The heavy door groaned on its hinges. George Harold stepped into the room, the scent of the cold outside world clinging to his wool coat.

He stopped, his gaze falling upon the scene: the high-seated heir of a global empire, reduced to a hollowed-out shell, resting his forehead against the hand of a boy who looked like he was made of glass.

"Why are you here now?" George's voice was a low, jagged rasp that cut through the clinical hum.

Bai Qi didn't move. He didn't even flicker an eyelid. He remained a statue of penance.

"Are you not the source of this?" George continued, his voice rising with a cold, simmering rage. "Is it not your shadow that extinguished his light?"

Bai Qi's knuckles turned a ghostly white as he clenched his fists, the skin straining over the bone. He offered no retort. There was no defense left in his soul; the truth was a weight he had already accepted.

George bypassed the broken man and looked down at Shu Yao. A bittersweet smile, fragile and fleeting, touched his lips. He looked at the boy—so beautiful, so incandescent even in his stillness—and felt a pang of visceral injustice.

"How can someone so precious be treated this way?" George murmured, his voice softening into a mournful melody.

He completely ignored Bai Qi's presence, treating him as nothing more than a ghost in the room. George reached out, his long, hand descending toward Shu Yao's hair. He began to stroke the boy's head with a tenderness, a silent promise of protection.

Suddenly, the air in the room charged with a violent electricity.

"Don't!" Bai Qi snapped.

In a blur of desperate movement, Bai Qi lunged forward, snapping George's hand away with a frantic strength. George recoiled, startled not by the aggression, but by the raw, jagged panic etched into Bai Qi's features. The heir's face was a mask of territorial agony.

"I won't let anyone touch him," Bai Qi hissed, his voice trembling with a terrifying fragility. He turned his bloodshot eyes toward his uncle. "You should go back. I am fine by myself.

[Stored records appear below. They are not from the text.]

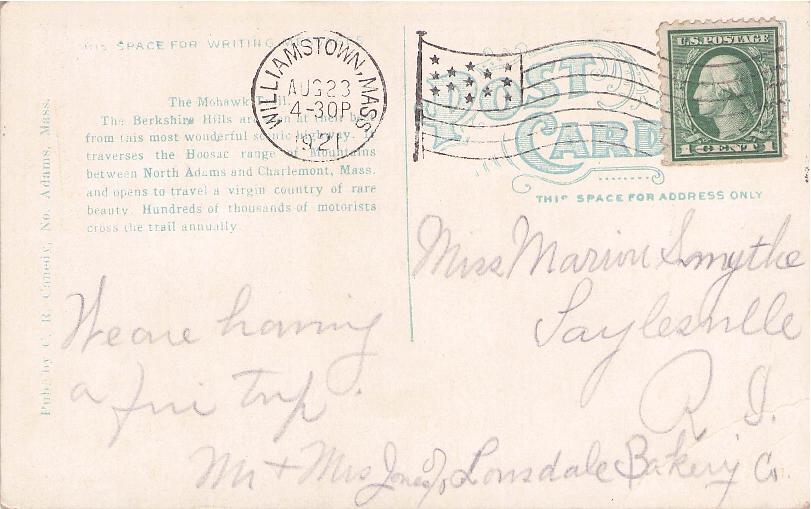 - Post cards: “Hoosac Tunnel is 1060 feet below” [c.1930]; “Mount Greylock, Highest Mountain in Mass” [1916]; “State Line Tunnel” with train [c.1930]; Route 2 [2 chrome views, one damaged]; “Looking towards Lanesboro” [1961]; “Green Water Pond and Highway” [linen]; Cold River Canyon [1931]; “Mohawk Trail” [c.1920]; “Greetings from The Berkshires” [2 road views, linen]; Whitcomb Summit [c.1930]
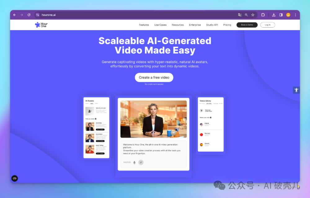 Hour One 是 AI 视频应用中的佼佼者,专门用于创建逼真的 AI 视频虚拟主播,并自动化完成视频制作流程。它支持多语言和多方言,有效扩大了内容的多样性和覆盖范围。
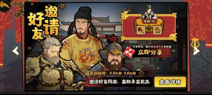 本次版本上线全新社交激励机制,成功邀请指定数量新玩家注册并达成活跃条件后,可领取妙级名臣自选宝箱,箱内包含许负、许慎、桓伊、伯牙、子期五位功能型名臣,覆盖占卜、典籍、音律、外交等多元领域,能有效缓解新手期阵容成型的压力。
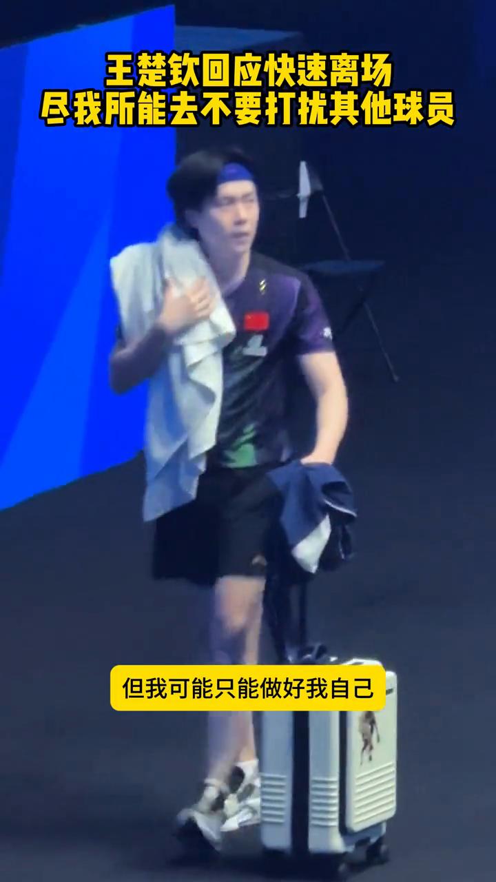 王楚钦回应快速离场:尽我所能去,不要打扰其他球员。 想快速离场的人也是不希望去,因为大家对于我的喜爱而去影响到其他的运动员。我觉得我没有办法可能去倡导,但是我觉得这都是观众的自由,但我可能只能做好我自己,我认为自己尽尽力了,尽我所能去不去打扰到其他的运动员。
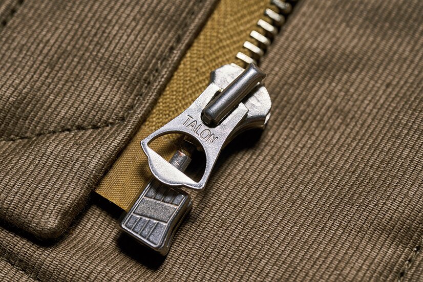 ’40年代らしいベル型TALONジッパーを装備。俗にデコTALONと呼ぶエンドピースが付く。
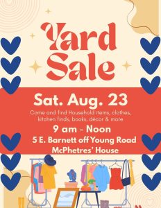Yard Sale on Saturday, August 23Aug 22, 2025Add us to your list for sales this weekend–up Young Road, second road on the right, first house on the right.
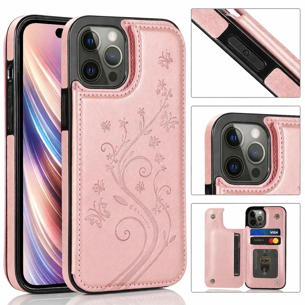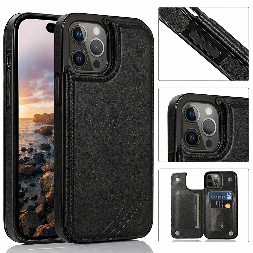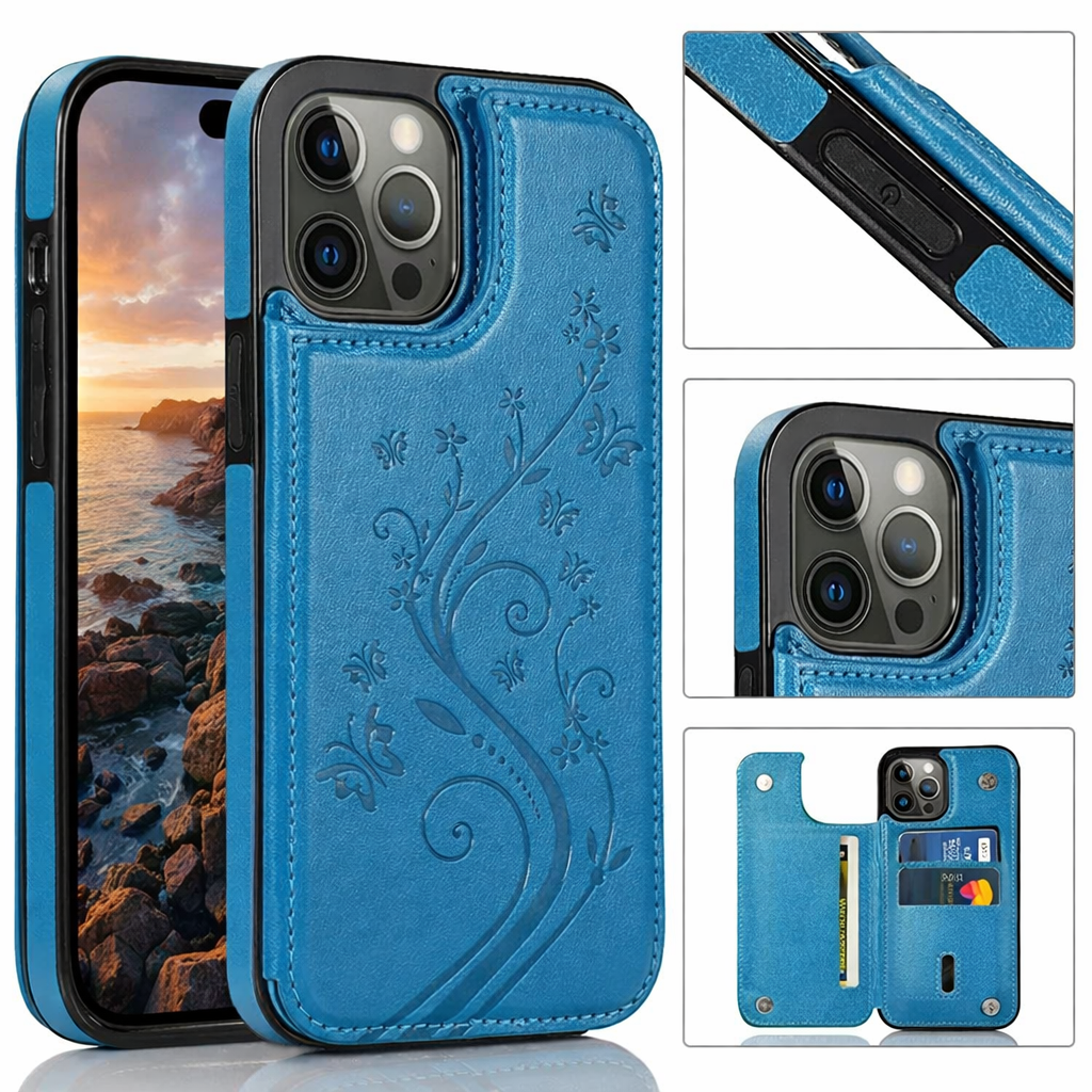 Alliez élégance raffinée, organisation pratique et protection maximale avec cet étui portefeuille pour iPhone à fermeture magnétique et motif en relief papillon. Fabriqué en cuir PU de haute qualité et TPU souple, cette pochette flip intègre des compartiments à cartes, un support intégré et une fermeture magnétique sécurisée. Son design avec empreinte papillon ajoute une touche de délicatesse, tandis que sa protection antichoc double couche préserve votre iPhone 16 Pro Max, iPhone 16e, iPhone 15 et modèles antérieurs des chocs, rayures et poussières.

You don't need to worry about him... and you certainly don't need to worry about me."

George's expression hardened, his green eyes flashing like a storm over a dark sea.

"I am not here for you, Bai Qi," George said, each word a cold stone dropped into a deep well. "I would never come all this way for the boy who broke him. All I am here for is Shu Yao."

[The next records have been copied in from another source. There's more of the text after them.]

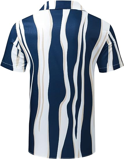 - Stylish Design: men's hawaiian shirt with a variety of elements such as stripe, The design is eye-catching and perfect for a beach vacation or casual summer outing.
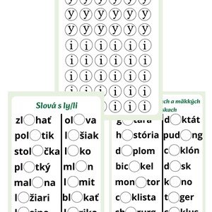 Aktivita je zameraná na dopĺňanie i/y. Slúži na zopakovanie slov s ly/li a výnimiek po mäkkých a tvrdých spoluhláskach
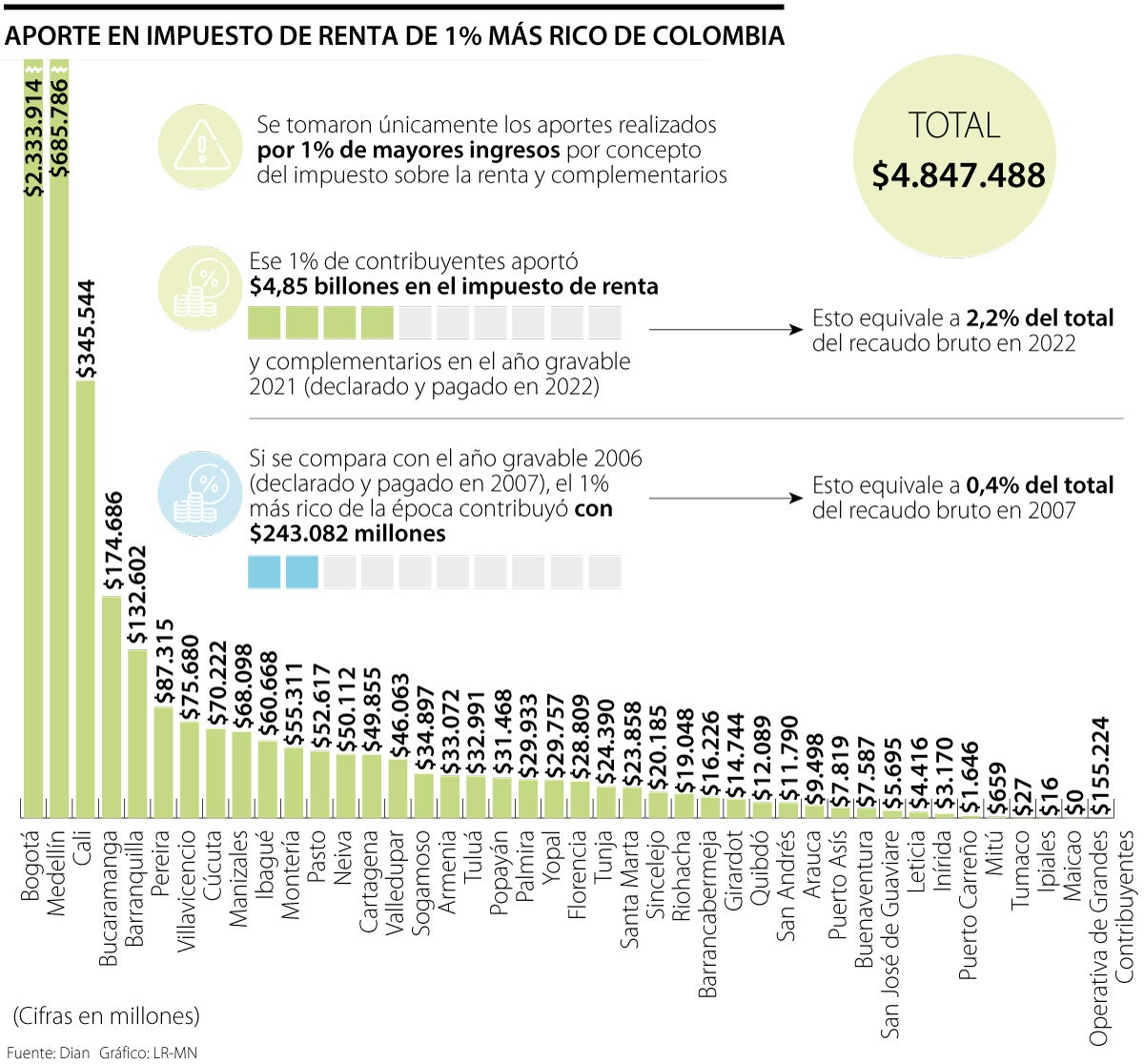 Según cifras que entregó la Dian, el 1% más rico del país, tomando como fuente el total de ingresos brutos incluidos en las declaraciones del impuesto a la renta y complementarios de las personas naturales, aportó $4,85 billones en ese mismo impuesto en 2022 (para el año gravable 2021), de los más de $228,3 billones de recaudo bruto total.
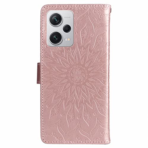 LEMORRY Custodia per Xiaomi Redmi Note 12 Pro+, Cover Redmi Note 12 Pro+ Custodia in Pelle [TPU Silicone] Scheda Slot Cuoio Portafoglio Custodie da Cintura per Xiaomi Note 12 Pro Plus, Rose Oro
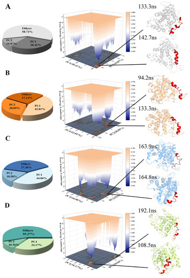 A PCA analysis of the CA atoms, performed for the four systems, is shown in Figure 8A–D). PC1 and PC2 accounted for more than 40%, reflecting the reliability of the results. The red region shows the conformational changes in TM6. The stable conformations are consistent with the previous analysis.
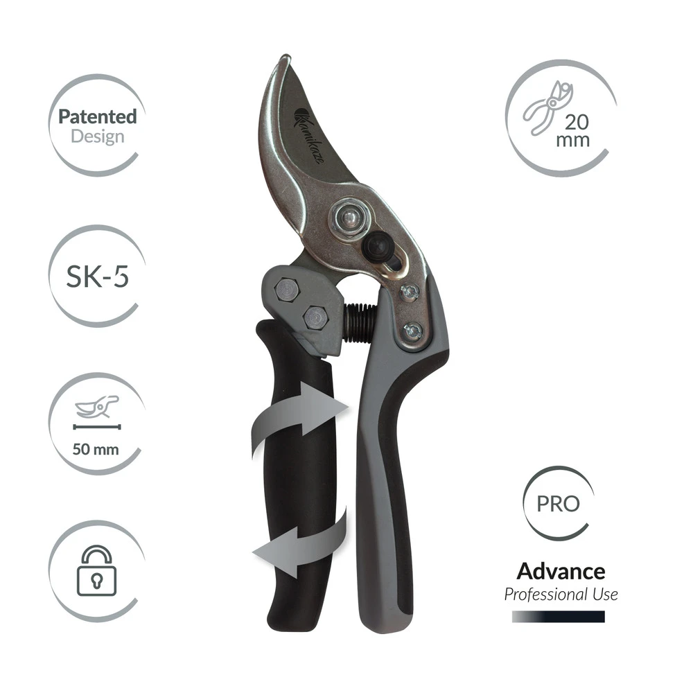 Marque kamikaze : marque espagnole spécialisée dans les outils d’élagage, de récolte et d’agriculture. Créée il y a plus de 20 ans, elle s’est imposée sur le marché grâce à sa large gamme et à son excellent rapport qualité-prix. Chez kamikaze, nous savons que la taille est l’une des fonctions les plus importantes pour le soin des cultures et des plantes, car une taille correcte donne de la force et de la vitalité, ce qui contribue à améliorer la floraison et la production de fruits.

Bai Qi flinched as if struck by a physical blow. His shoulders haunched, his posture collapsing inward as the weight of George's words found their mark.

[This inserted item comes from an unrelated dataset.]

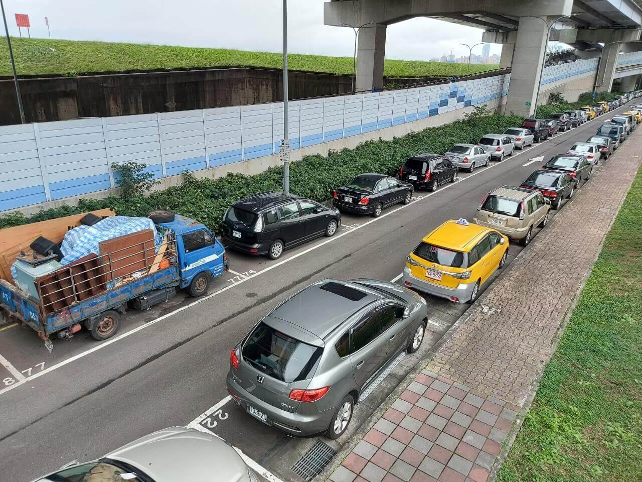 唯一通往鴨鴨公園的路就是這座在中興橋旁的人行天橋,下方有一排收費停車格,不過除非運氣很好,不然通常都是沒有位置的
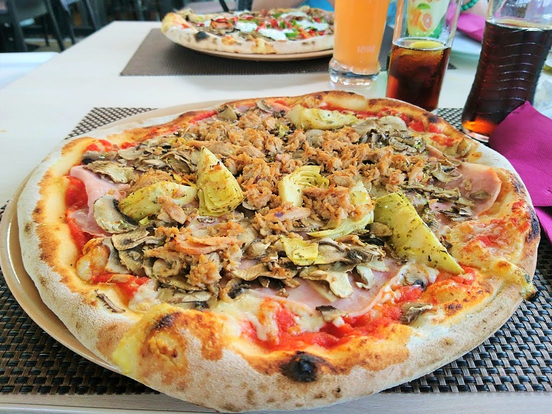 Rannalta palailimme takaisin Pulaan ja vatsan murinoista päätellen aika oli juuri sopiva päivälliselle. Ravintolaksi valikoitui Pizzeria TiVoli, joka tuli testattua itseasiassa kahteen kertaan, sillä kävimme TiVolissa myös ensimmäisellä Pula-visiitillämme, kun odottelimme veljeni lennon saapumista. Pizzat olivat kuitenkin niin taivaallisen hyviä, että päätimme mennä pizzalle samaan paikkaan myös veljeni kanssa ennen kuin hänen lentonsa lähtee takaisin Suomeen. TiVoli on myös äänestetty Pulan toiseksi parhaaksi ravintolaksi, joten sekin antaa jo ehkä hieman takeita siitä, että ruoka todella on hyvää! Kaiken lisäksi kyseessä on varsin edullinen ravintola, jolla on tilava oma parkkipaikka. Tämä johtuu siitä, ettei ravintola ole Pulan keskustassa vaan parin kilometrin päässä keskustan kupeessa olevan satama-altaan takana. TiVolista vatsat pullollaan käsittämättömän hyvää pizzaa matka jatkuikin sitten Pulan lentokentälle, josta veljeni jatkoi matkaansa kohti Helsinkiä ja me vietämme täällä Kroatiassa vielä muutaman viikon.

"I know," Bai Qi whispered, his voice fracturing. "I know I hurt him."

He turned his gaze back to Shu Yao, his eyes swimming with a desperate, pleading light. "But please... let me take care of him. If I leave this room, I'll lose myself. I'll never be able to forgive the monster I was if I'm not here when he wakes."

George stood paralyzed by the sight. He had expected arrogance; he had expected a cold, distant sense of duty. He had not expected to find a man who had already executed his own heart.